Hello,

Using a darlington transistor will change the calculations, due to the double be voltage

Bertus

 

Hello,

Using a darlington transistor will change the calculations, due to the double be voltage

Bertus

So I can not use the 2N6294 silicon NPN Darlington transistor?

 

Hello,

Did you notice the smily Johny posted?
Perhaps he hinted that there might be a problem finding the transistor

Bertus

 

Hello,

Did you notice the smily Johny posted?
Perhaps he hinted that there might be a problem finding the transistor
Bertus

Haha, he is trying to fool me
You have any idea what I can do next? If I can't find the transistor, what can I then do?

 

Your ask is a little extreme.

Beta greater than 100 is desirable, beta greater than 50 is workable. You will need a to220 or beefier device. And that's not difficult to find, among singles, Darlington or MOSFETs.

It is a fairly straight design. You just happen to be on the wrong path.

 

Your ask is a little extreme.

Beta greater than 100 is desirable, beta greater than 50 is workable. You will need a to220 or beefier device. And that's not difficult to find, among singles, Darlington or MOSFETs.

It is a fairly straight design. You just happen to be on the wrong path.

Maybe I am a fool, but I can still not understand how to determine the rest of the resistances. Does it means I have to redesign the circuit?

 

The original ask is a little extreme in that 1. It has a class a output stage delivering substantial current and 2 it asks for low open loop gain. The first issue is typically addressed with a class b output stage and the second issue with closed loop.

Anyway, the key is to maximize your gain in the VAs, assuming the loading from the output is minor.

You will then pick the VAs idle current so it can deliver sufficient current to drive the ops. This will depend on the assumed beta of your ops device.

Once the VAs idle current is picked, Rc can be easily calculated.

Re is 2kohm time half of the input stage tail current minus vbe, divided by VAs idle current.

From RC and Re, you calculate the gain of VAs. From that you know how much gain you have to get out of the input stage, thus those two Re resistors value.

 

So some examples. The max load current is about 150ma. So ops idles at 200ma. That means it's emitter resistor is about 22/0.2 ohm.

Assuming a beta of 100, ib is 2ma. We then idle VAs at 4ma. That means VAs collector resistor is (22 +0.7) / 4 or 5kohm.

Voltage over the re resistor is 2k x 1.8ma - 0.7v, or 3v.

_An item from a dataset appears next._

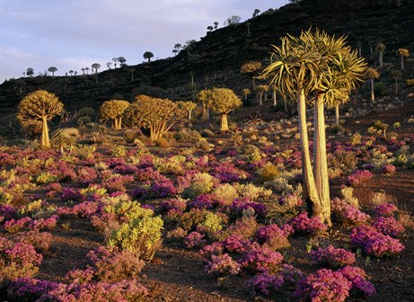 照片摄于南非,展示了科克布姆树(也被称之为“箭树”)及其周围粉红色的花。这种沙漠植物高度最高可达到32英尺(约合10米),名字来源于纳马跨兰的本土San猎人,他们将树枝砍下来制成箭,箭头上还要涂上毒药。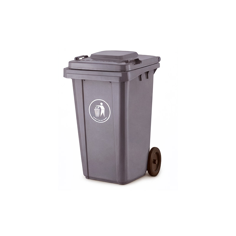 Πλαστικός κάδος απορριμμάτων 240 λίτρων σε γκρί χρώμα, κατασκευασμένος από ανθεκτικό πλαστικό για καθημερινή χρήση. Διαθέτει καπάκι για περιορισμό οσμών και ρόδες για εύκολη μετακίνηση. Ιδανικός για οικιακούς και επαγγελματικούς χώρους, καθώς και για ανακύκλωση. Διαστάσεις: 58 x 71 x 101 cm

At 4ma, a resistance of 750ohm.

Thus VAs has a gain of 5/0.7, or 7x.

That means the input stage has to have a gain of 15x. So re resistor there should have a value of 2000 / 15 / 2, or 70 if my math is right.

Because it is open loop, the above will not actually produce a 100x overall gain (likely lower) but the general gist is the same.

 

Using the value calculated above, I got a gain of 20x -> because I had assumed single-ended input signal when you are using differential. So the Re resistors for the input stage should have a value of 140ohm vs. 70ohm above. That brought down the gain to 10x.

OPS used a 3055 -> beta is 100x.

 

The output doesn't sit at 0v at idle, but below ground due to the fact that we did not count for the loading of OPS on the VAS. The cure is to increase the VAS idle current.

 

I still can't understand. But thanks for the help. The assignment deadline is tomorrow night. So thank you all for having patience with me, because I find this analog design very difficult.

 

Did your teacher or professor give you any information about transistor parameter? Q3 is a VAS stage (Voltage amplifier stage).
And how you are gonna to check if the amplifier meets the design requirements?

 

Did your teacher or professor give you any information about transistor parameter? Q3 is a VAS stage (Voltage amplifier stage).
And how you are gonna to check if the amplifier meets the design requirements?

He haven't given any information about transistor parameter.

 

"I still can't understandunderstand"

That's why I always tell people that you get to your destination faster if you take a step at a time. Understanding the basics goes a long way getting you to work comfortably with complex projects.

 

How did you and Darlington are going to get a temperature-stable zero volts on the output of the amplifier? This theoretical research or layout will be made? I will offer its own version of a push-pull output and temperature stabilization (post #29). In my case it is not necessary a large output transistor quiescent current and do not need a radiator-cooler.